These are some example configuration files and notes around how to easily build Debian (and derivatives) disk images using the debos tool.
These have been tested on a x86_64 host PC running Debian Bookworm with debos installed, but should work on any current Debian-derivative distribution, too:
sudo apt install debos
To build the x86_64 Debian Bookworm disk image, run debos
like:
debos x86_64-uefi-bookworm.yaml
It will build a disk image and bmap-tools files named:
x86_64-uefi-bookworm.img
x86_64-uefi-bookworm.bmap
You can then directly boot the image as a VM which uses UEFI firmware or write
it to a disk to boot on a real machine. Using bmaptool
to write the image to
a real disk will be MUCH faster than using dd
.
You'll need at least debos version 1.0.0+git20201203.e939090-4, which if you're using Debian is the version which ships in the bullseye Debian release.

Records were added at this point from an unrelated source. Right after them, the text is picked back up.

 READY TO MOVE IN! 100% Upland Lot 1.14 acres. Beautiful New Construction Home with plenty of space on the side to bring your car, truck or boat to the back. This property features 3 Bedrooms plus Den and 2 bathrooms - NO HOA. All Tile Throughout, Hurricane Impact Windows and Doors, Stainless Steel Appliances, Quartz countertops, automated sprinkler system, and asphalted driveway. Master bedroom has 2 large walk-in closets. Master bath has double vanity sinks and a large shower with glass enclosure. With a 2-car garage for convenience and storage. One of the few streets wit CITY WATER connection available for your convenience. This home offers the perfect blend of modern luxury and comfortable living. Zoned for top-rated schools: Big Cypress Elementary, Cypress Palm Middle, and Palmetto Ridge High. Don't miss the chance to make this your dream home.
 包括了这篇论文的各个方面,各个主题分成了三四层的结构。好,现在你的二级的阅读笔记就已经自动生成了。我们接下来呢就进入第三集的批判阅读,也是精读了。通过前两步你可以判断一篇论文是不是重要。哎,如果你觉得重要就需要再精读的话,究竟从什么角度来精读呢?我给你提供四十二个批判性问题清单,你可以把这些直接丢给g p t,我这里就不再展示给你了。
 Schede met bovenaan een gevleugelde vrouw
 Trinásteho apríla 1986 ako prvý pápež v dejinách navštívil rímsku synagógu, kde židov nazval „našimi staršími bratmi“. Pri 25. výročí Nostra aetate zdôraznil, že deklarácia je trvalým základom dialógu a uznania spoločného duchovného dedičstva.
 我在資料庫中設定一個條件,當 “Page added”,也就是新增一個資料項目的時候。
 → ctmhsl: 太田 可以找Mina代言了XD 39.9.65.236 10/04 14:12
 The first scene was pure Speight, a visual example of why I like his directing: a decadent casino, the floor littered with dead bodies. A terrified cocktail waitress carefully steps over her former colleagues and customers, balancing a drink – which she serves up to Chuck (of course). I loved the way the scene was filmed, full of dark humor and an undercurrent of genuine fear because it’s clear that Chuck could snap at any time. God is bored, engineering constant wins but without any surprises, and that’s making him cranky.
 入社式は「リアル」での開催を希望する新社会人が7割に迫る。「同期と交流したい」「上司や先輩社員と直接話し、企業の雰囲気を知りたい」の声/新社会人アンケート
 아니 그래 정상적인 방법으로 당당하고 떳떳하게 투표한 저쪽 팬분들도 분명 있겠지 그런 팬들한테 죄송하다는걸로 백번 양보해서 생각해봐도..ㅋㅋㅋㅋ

If you're building Debian Bullseye targets, you'll need to have QEMU version >=5.0 on your build system due to changes to Bullseye's glibc package which enabled static PIE. The symptom when you have a too old QEMU is a segfault during the second stage of debootstrapping.

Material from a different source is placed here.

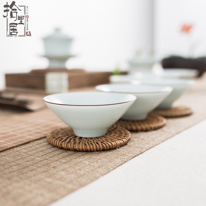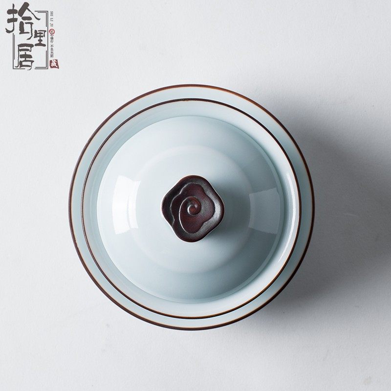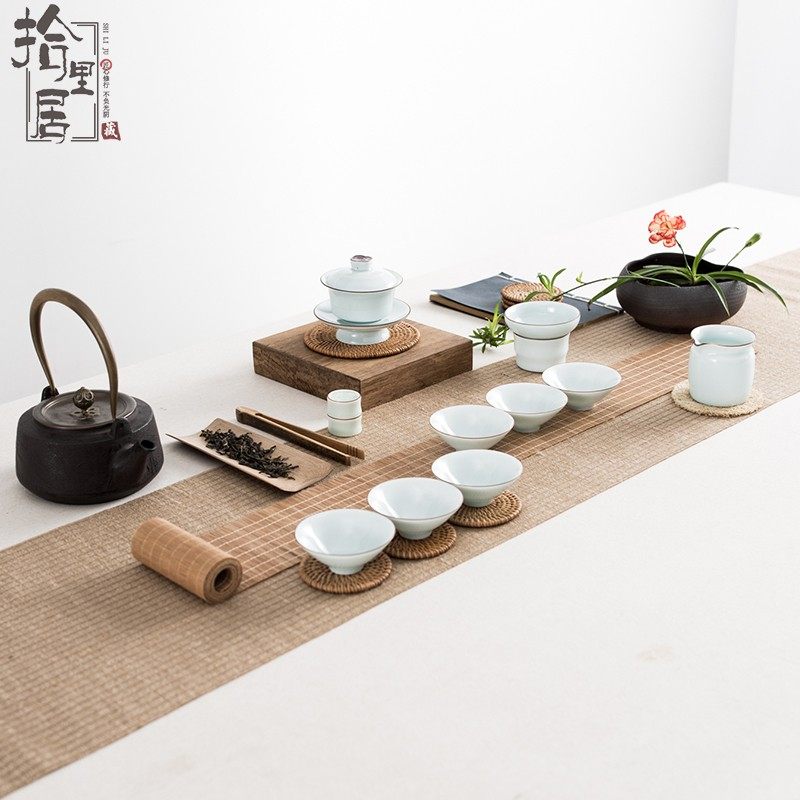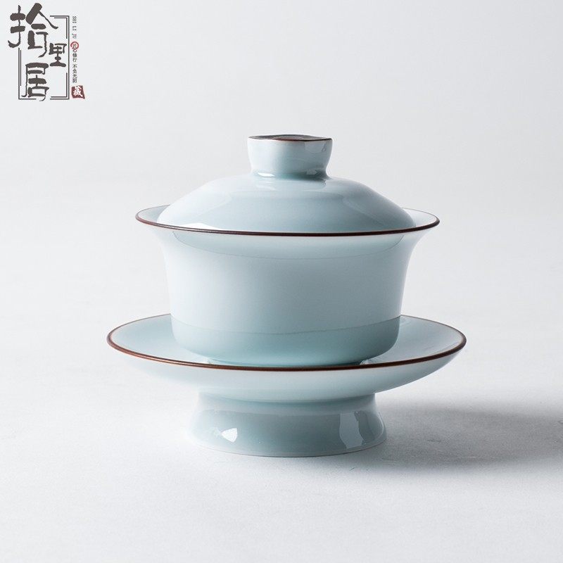 Shiliju high-grade Jingdezhen Celadon Gongfu tea set Household ceramic light luxury tea cup cover bowl Living room gift box

If you're building Ubuntu targets, you'll need to run debos
with its -m
switch to specify more memory, as the default 2048MB is too small to build the
generic Linux kernel initrd, like: debos -m 4096MB x86_64-uefi-focal.yaml
Please see each configuration for information on which bootloader (grub versus systemd-boot) and network configuration mechanism (ifupdown versus netplan) are used. They are not consistent across configurations due to various nuances of each distribution.